I also just finished putting a new choke cable on the 782 about fifteen minutes ago. Chewed up both of my hands getting that bugger in and out but it's done. After 26 years, the old one was gettin' so bad it took both hands to pull it out. $20 and an hour later, it's like new. Sure wished they shipped a firewall grommet with the thing though. Mine is long gone and I'd forgotten about it. Oh well. Too late now...
 
Matt I recently asked the same question at another site and was told by a few people that you can use the QL coupling on the 82 series so I ordered one for about the 1/3 the cost.
 
Craig E-
Take a piece of rubber fuel-line about 2-1/2" long, slit it lengthwise and slide it down the choke cable until it becomes a "grommet" through the firewall. Then secure it with a zip-tie around the choke cable at either end of the hose.
 
I am looking at parts to overhaul the clutch assembly on my 128 overhaul.
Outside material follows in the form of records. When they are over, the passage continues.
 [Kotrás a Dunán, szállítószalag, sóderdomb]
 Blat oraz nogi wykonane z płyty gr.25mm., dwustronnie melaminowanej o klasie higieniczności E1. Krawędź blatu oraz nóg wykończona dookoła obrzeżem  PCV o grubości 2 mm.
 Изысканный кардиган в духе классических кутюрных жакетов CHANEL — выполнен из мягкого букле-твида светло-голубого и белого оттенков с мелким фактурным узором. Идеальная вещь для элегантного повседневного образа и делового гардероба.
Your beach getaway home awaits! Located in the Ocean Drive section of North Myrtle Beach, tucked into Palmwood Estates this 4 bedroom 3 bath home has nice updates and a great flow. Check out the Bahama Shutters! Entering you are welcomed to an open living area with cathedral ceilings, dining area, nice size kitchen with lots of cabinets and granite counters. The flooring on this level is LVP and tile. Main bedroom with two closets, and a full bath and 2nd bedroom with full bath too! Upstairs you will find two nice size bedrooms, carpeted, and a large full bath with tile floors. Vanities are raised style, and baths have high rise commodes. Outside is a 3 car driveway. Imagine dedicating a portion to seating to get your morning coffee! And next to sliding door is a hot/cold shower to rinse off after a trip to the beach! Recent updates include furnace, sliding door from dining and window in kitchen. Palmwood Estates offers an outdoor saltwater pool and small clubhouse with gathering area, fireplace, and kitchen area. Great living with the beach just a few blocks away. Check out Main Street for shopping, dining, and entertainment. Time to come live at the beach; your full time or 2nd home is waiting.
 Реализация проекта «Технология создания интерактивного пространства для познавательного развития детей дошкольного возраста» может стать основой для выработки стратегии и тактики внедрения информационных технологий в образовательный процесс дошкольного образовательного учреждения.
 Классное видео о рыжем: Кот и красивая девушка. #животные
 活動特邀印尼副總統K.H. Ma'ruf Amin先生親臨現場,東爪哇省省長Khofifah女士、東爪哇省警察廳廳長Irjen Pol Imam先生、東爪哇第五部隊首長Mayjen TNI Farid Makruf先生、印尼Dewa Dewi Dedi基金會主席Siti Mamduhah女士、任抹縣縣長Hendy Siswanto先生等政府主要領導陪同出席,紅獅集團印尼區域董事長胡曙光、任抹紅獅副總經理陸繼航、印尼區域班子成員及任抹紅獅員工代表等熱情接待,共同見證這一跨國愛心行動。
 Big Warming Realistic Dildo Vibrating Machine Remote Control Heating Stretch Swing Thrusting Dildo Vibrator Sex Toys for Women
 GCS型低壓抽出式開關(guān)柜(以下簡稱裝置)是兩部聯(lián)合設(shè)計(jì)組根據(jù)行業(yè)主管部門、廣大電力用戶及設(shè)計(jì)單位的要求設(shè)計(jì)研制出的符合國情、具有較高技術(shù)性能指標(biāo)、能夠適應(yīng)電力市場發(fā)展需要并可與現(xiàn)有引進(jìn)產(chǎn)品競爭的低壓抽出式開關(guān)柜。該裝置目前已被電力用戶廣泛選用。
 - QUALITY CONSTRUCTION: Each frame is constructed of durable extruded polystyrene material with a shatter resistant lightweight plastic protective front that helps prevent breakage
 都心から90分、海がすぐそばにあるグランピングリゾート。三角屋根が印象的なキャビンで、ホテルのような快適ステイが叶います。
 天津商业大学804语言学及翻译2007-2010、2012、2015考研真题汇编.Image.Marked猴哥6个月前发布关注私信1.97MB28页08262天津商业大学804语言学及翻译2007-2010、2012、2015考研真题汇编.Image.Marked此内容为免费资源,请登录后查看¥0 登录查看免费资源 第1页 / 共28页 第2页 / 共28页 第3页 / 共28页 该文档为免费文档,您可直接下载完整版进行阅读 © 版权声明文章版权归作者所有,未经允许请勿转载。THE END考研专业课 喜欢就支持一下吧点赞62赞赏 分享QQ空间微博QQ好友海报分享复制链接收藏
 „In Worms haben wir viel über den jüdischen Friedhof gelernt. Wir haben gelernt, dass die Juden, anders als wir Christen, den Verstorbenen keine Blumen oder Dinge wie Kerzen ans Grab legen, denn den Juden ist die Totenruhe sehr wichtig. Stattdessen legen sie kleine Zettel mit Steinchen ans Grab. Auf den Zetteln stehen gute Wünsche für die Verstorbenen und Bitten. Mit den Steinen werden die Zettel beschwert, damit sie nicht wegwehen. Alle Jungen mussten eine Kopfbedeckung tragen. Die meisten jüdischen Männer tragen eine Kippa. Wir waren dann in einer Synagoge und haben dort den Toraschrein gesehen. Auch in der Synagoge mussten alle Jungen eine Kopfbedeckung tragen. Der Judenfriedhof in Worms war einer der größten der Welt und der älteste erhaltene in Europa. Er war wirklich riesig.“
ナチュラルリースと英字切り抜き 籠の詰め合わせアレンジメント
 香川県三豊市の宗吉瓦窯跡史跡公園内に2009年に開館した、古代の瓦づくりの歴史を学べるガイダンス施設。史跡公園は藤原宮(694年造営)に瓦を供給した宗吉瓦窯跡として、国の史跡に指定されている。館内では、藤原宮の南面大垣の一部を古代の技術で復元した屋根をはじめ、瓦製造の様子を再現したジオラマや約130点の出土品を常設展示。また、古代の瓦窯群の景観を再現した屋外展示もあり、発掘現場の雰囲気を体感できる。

I checked the parts lookup and found that my assembly is missing part #20 described as a spring spacer under the clutch heading. Would this explain the excessive wear to the front of my clutch arm? My cub started life as an 86 model but got an upgrade to a 12 hp. I checked the parts lookup for clutch parts for the 86 and the pic is the same. I hope to take some pics on Sat. to give you guys a better idea of what I am talkin about. Anybody got ideas about this "spacer", I know as a fact that the clutch assembly has never been apart since new.